Comment 34 Behdad Esfahbod 2017-04-27 02:41:02 UTC

In Chrome, we introduced a emoji itemizer to detect all sequences that need to be rendered with color by default.  We should eventually do something like that in Pango as well.

Also note that Pango currently does not support variation selector sequences at all!

Comment 35 Peng Wu 2017-04-27 03:46:49 UTC

Sorry, to support the variation selector sequences, it needs another patch
in https://bugzilla.gnome.org/show_bug.cgi?id=781123 .

Comment 36 Peng Wu 2017-05-03 02:57:13 UTC

Created attachment 350919 [details] [review]
pango: Support emoji sequence in Unicode

Checked several emoji sequences, the sequence pattern is
like follows:
1. Use zero width joiner to combine two characters with
any width
2. Ignore the width of emoji, tag and variation selectors
for the purposes of finding a run or uniform-width characters.

Comment 37 Peng Wu 2017-05-03 03:02:11 UTC

Created attachment 350920 [details] [review]
pango: Support emoji sequence in Unicode

Checked several emoji sequences, the sequence pattern is
like follows:
1. Use zero width joiner to combine two characters with
any width
2. Ignore the width of variation selector, tag and emoji modifier
for the purposes of finding a run or uniform-width characters.

Comment 38 Peng Wu 2017-05-03 03:05:40 UTC

Updated commit message.

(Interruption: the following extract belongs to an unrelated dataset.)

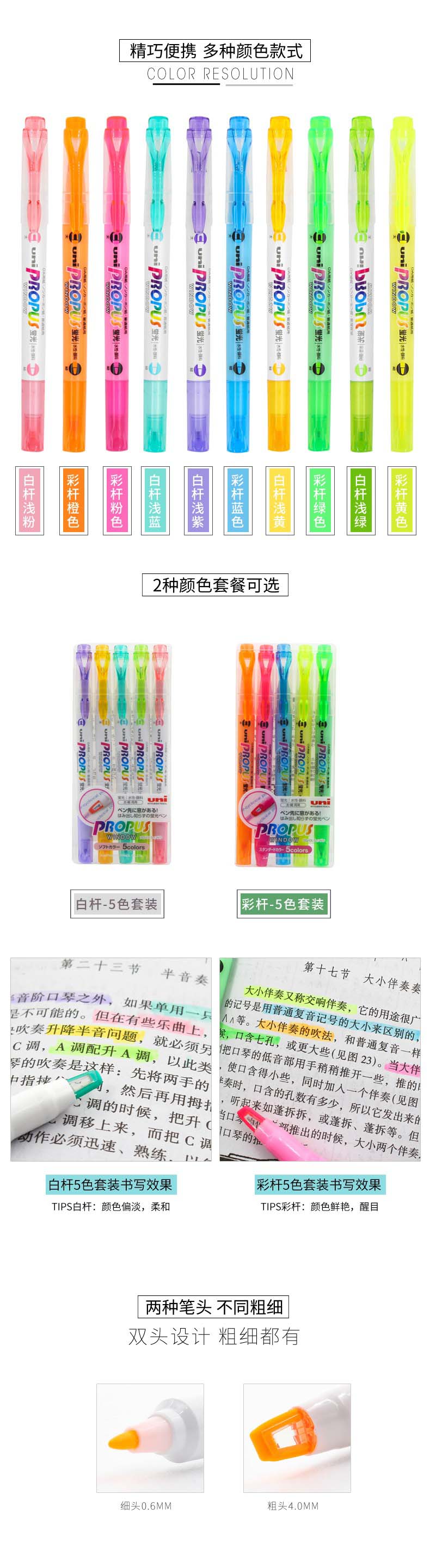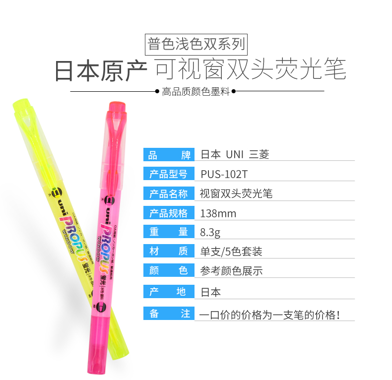 商品名称:三菱(uni) PUS-102T 双头荧光笔(彩杆-蓝色)

Please review it, thanks!

Comment 39 Peng Wu 2017-05-03 03:09:10 UTC

Created attachment 350921 [details] [review]
some test cases

Comment 40 Peng Wu 2017-05-03 03:11:25 UTC

I tried to write some tests, dunno whether the test case is right.

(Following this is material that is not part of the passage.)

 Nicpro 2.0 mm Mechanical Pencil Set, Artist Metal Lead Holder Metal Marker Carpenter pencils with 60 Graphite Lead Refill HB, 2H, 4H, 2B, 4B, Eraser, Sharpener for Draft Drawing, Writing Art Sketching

Comment 41 Peng Wu 2017-05-24 02:51:05 UTC

Test with GraphemeBreakTest.txt of Unicode 9.0,
and tried to fix it in:
https://bugzilla.gnome.org/show_bug.cgi?id=782813

Comment 42 Peng Wu 2017-07-19 03:11:36 UTC

Could you review and merge the code?

Comment 43 Behdad Esfahbod 2017-07-28 14:59:10 UTC

lgtm.

Comment 44 Matthias Clasen 2017-07-29 17:28:53 UTC

Attachment 350920 [details] pushed as 734e442 - pango: Support emoji sequence in Unicode
Attachment 350921 [details] pushed as 77b56b4 - some test cases

Comment 45 Peng Wu 2017-07-31 06:41:11 UTC

Thanks for the review! :)

Maybe we can update test case of GraphemeBreakTest.txt to Unicode 10.0 in bug 782813.